If you are a cabbage farmer, especially in areas with a hot weather, then you must have come across a brown insect feeding on your plants.
This pest is called the Bagrada bug (Bagrada hilaris) and is as beautiful as its name, but it is giving farmers a hard time.
The painted bug has piercing and sucking mouthparts and feeds on both parts of the leaves rendering the crop useless in just a few hours in case control measures are not done.
The pest affects young seedlings by feeding on the apical meristem and growing points leading to their death or blind terminals. It also causes forked or multiple heads hence poor production.
I responded to a case of a farmer in Kajiado County, whose cabbages had been attacked by the pest.
Before the farmer called me, he actually thought that he was dealing with a variety of the beautiful lady bird, a reason why he did not bother to respond as first as he should.
“When I saw the pest was attacking the leaves, I tried to pick them but I could not manage because they were quite a number,” the farmer said after some pleasantries.

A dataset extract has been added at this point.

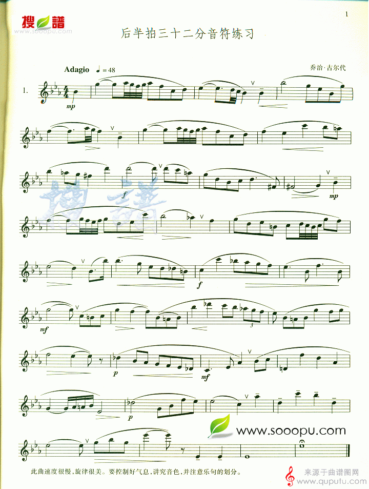 曲谱图网为您提供后半拍三十二分音符练习曲萨克斯五线谱找谱子,就上曲谱图网。

Indeed, the bug infestation can be controlled by handpicking when the population is quite low, but this was impossible for the farmer growing the crop on half-acre.

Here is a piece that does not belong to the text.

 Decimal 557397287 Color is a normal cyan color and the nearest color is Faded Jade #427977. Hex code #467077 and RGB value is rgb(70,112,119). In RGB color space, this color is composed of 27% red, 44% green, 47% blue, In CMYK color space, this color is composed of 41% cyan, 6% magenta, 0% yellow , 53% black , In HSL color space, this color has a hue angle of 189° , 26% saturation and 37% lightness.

The good thing is that this pest can be curbed by chemicals. I recommended to the farmer the use of labdacyhalothrin or deltamethrin, which belong to the pyrethroid family.
Pyrethroids are man-made versions of pyrethrins, the natural insecticides from pyrethrum. The chemicals are very effective in eliminating Bagrada bug.

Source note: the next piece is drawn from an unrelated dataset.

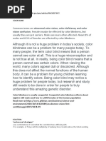 -Wearing glasses that block glare: people with colour vision problems can see differences between colours better when there is less glare and brightness.Non-inherited colour blindness is caused by the following factors: Aging, Eye problems, glaucoma, macular degeneration, cataracts, diabetic retinopathy, an Injury to the eye, or simply due to the Side effects of some medicines. Thus, the only possible prevention method for acquired colour-blindness is to help reduce the chances of getting acquired colour blindness, by discussing the use of prescribed medicines with a doctor. (George, 1855) However, there are many tools and aids to help colour-blind people to perform no different than normal sighted people in their daily lives. The device which we will be mainly discussing in this paper is Lens with transparent 3-coloour strip. 1.2 Objectives of the study The purpose or the main objective of this paper is To help people who are more interested in understanding of Impaired Colour Perception or Colour-blindness and To develop ideas of improvements which can possibly be made for currently available aids for patients with this disability using todays technology.

The farmer used the chemical and eliminated the pest. However, while chemicals are effective, use organic methods to control Bagrada bug such as observing field hygiene, weeding to remove unwanted plants that host the pest and practising mixed farming by growing garlic and onions.
Crop rotation should also be practised by ensuring cabbages are not planted in areas where members of the brassica family (broccoli or cauliflower) had been previously planted.
LOWEST COST POSSIBLE
The pest also affects other cruciferous crops such as sukuma wiki (collard greens), broccoli, cauliflower, radishes and crops such as sunflower, wheat, potatoes, sorghum.
Apart from Kajiado, the pest has also been identified in some parts of Machakos and Kiambu counties. Other pests that affect cabbages include aphids, diamond back moth and cutworms.
It is always recommended that a farmer scouts for pests and diseases to ensure early identification and control before they spread. This also lowers the cost of production and minimises losses.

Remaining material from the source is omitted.